***** Information supplied *****

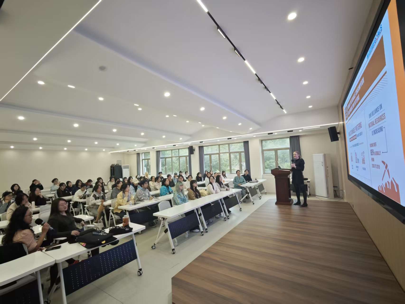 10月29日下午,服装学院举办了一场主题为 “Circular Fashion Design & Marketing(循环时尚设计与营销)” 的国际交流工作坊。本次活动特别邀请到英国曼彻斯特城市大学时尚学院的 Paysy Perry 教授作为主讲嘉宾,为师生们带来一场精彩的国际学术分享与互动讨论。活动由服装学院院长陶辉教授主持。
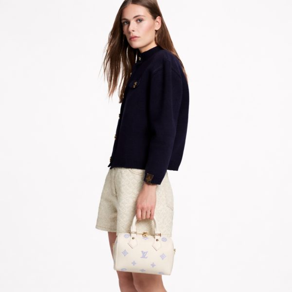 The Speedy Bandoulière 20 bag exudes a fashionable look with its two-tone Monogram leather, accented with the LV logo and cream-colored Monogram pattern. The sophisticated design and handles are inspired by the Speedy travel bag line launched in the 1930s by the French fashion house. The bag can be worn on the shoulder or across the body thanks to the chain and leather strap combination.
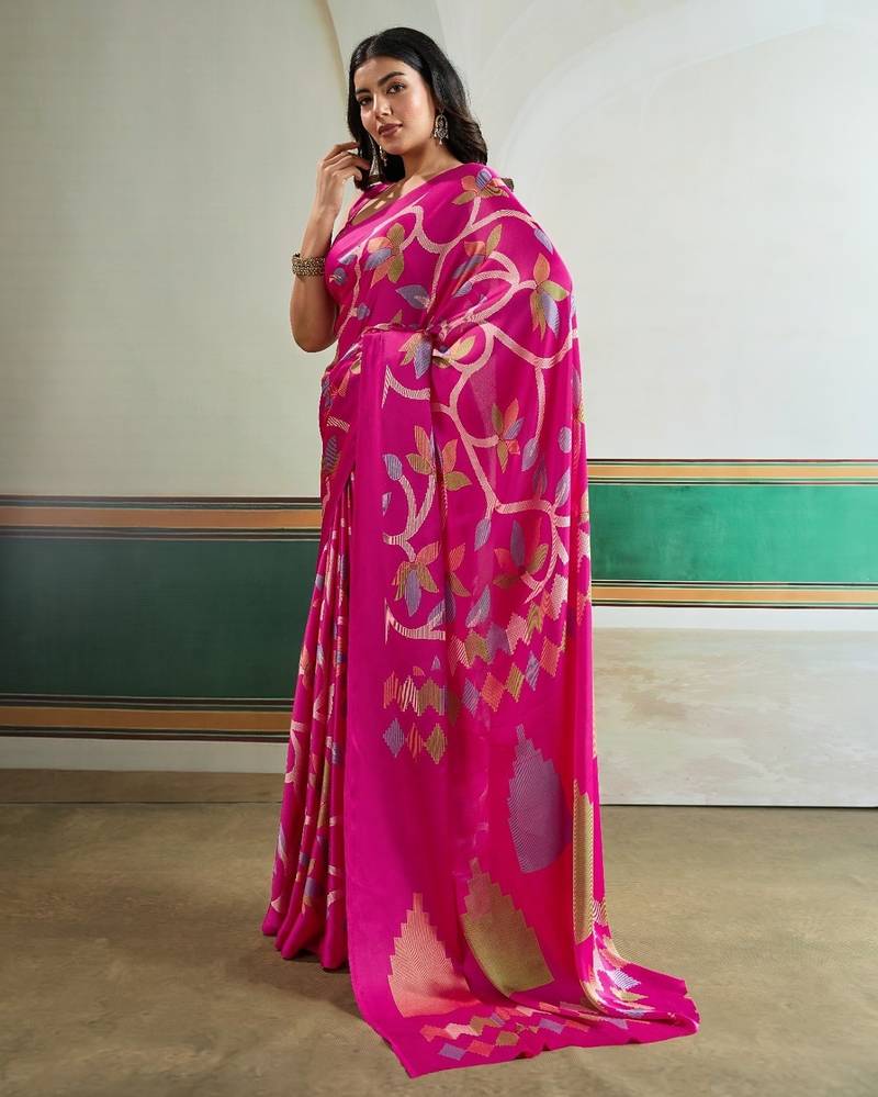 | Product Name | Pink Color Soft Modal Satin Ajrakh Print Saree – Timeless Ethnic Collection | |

*****

Task goal —
Keep the pictures out of the copy and return the rest of the data above exactly.

Written response —
 10月29日下午,服装学院举办了一场主题为 “Circular Fashion Design & Marketing(循环时尚设计与营销)” 的国际交流工作坊。本次活动特别邀请到英国曼彻斯特城市大学时尚学院的 Paysy Perry 教授作为主讲嘉宾,为师生们带来一场精彩的国际学术分享与互动讨论。活动由服装学院院长陶辉教授主持。
 The Speedy Bandoulière 20 bag exudes a fashionable look with its two-tone Monogram leather, accented with the LV logo and cream-colored Monogram pattern. The sophisticated design and handles are inspired by the Speedy travel bag line launched in the 1930s by the French fashion house. The bag can be worn on the shoulder or across the body thanks to the chain and leather strap combination.
 | Product Name | Pink Color Soft Modal Satin Ajrakh Print Saree – Timeless Ethnic Collection | |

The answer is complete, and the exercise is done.